**Assignment**: Print exactly the lines of the listing below from the one containing "Un sage Bouddha" through the final line, both included, and no pictures.
########
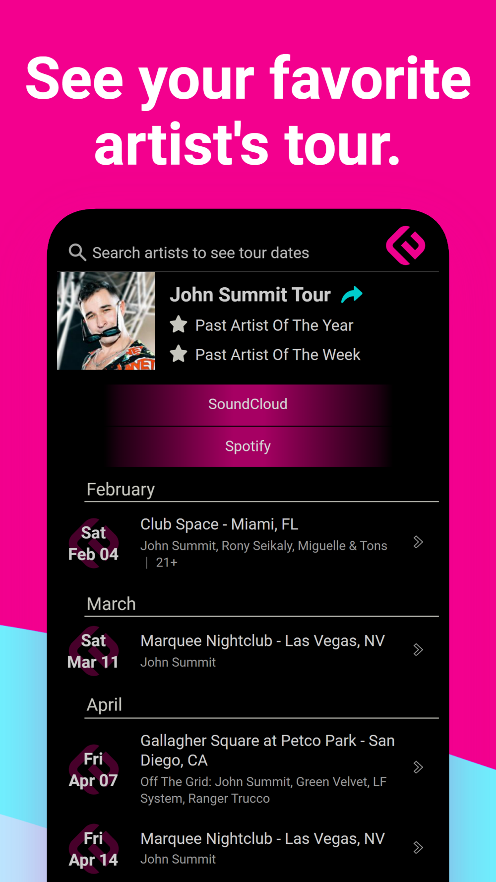 Upcoming EDM concerts near you! See your favorite artists live, and discover new music.
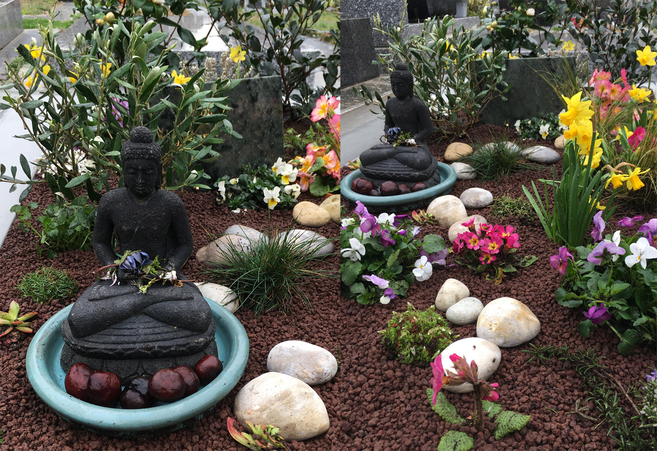 Un sage Bouddha veille sur ce jardin d'éternité. Sépulture paysagère en pleine terre à Sèvres. Mars 2022
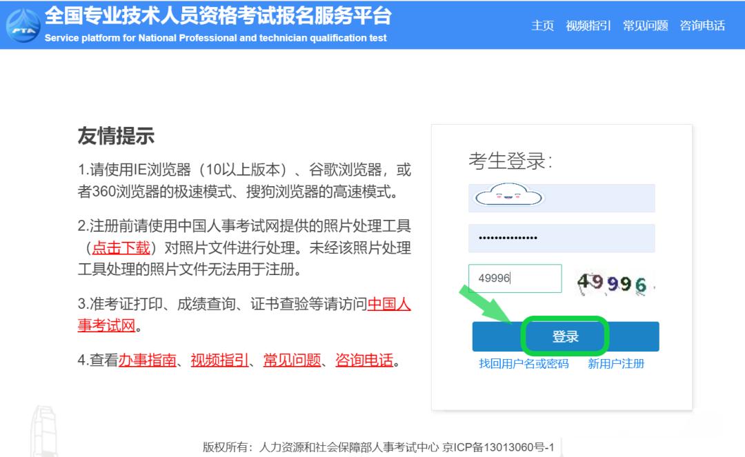 进入“中国人事考试网”,点击“网上报名”,进入考生登录页面,输入用户名、密码、验证码,点击“登录”。
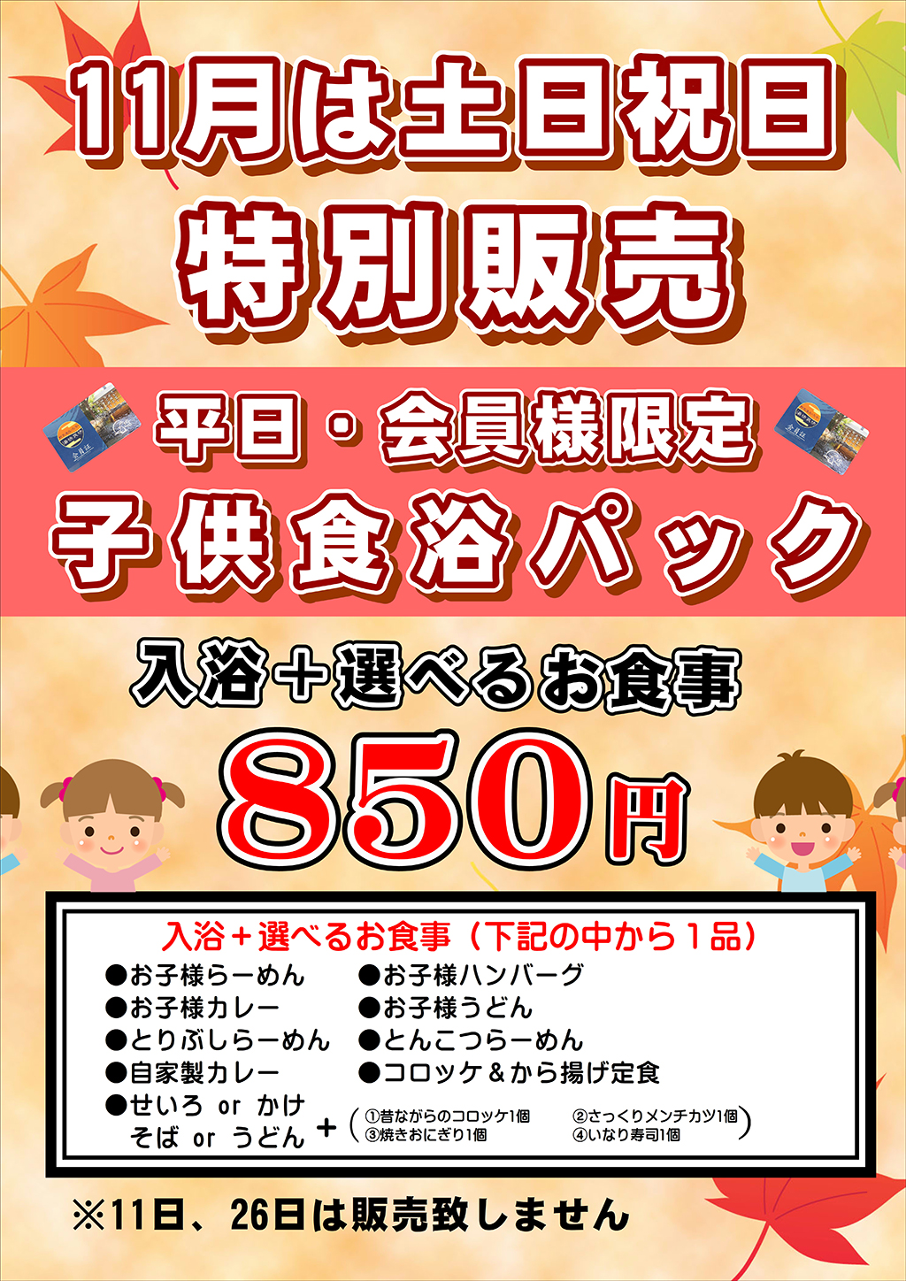 通常は平日限定で開催している子ども食浴パック11月限定特別に土日祝も販売します!
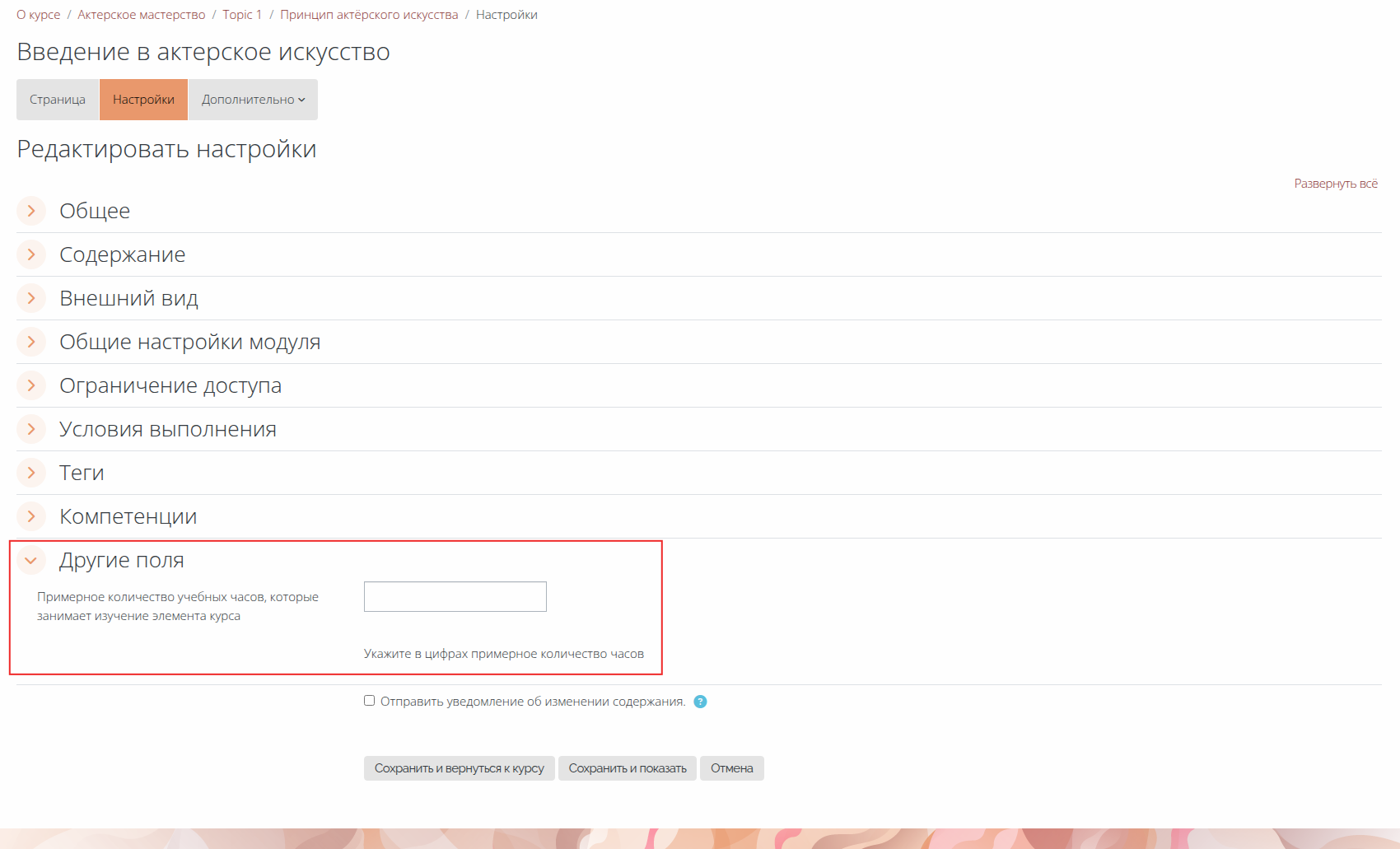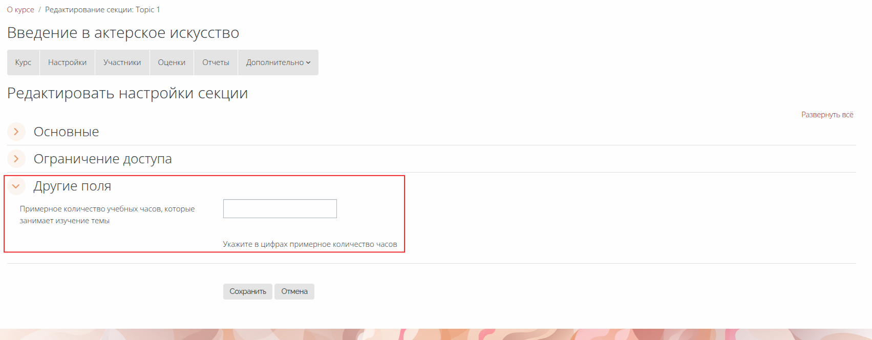 После сохранения формы добавленное поле появится на странице «Пользовательские поля секций курса» (Рис. 3.5.2) и на странице настроек секции (Рис. 3.5.3).
########
**Answer space**:
 Un sage Bouddha veille sur ce jardin d'éternité. Sépulture paysagère en pleine terre à Sèvres. Mars 2022
 进入“中国人事考试网”,点击“网上报名”,进入考生登录页面,输入用户名、密码、验证码,点击“登录”。
 通常は平日限定で開催している子ども食浴パック11月限定特別に土日祝も販売します!
 После сохранения формы добавленное поле появится на странице «Пользовательские поля секций курса» (Рис. 3.5.2) и на странице настроек секции (Рис. 3.5.3).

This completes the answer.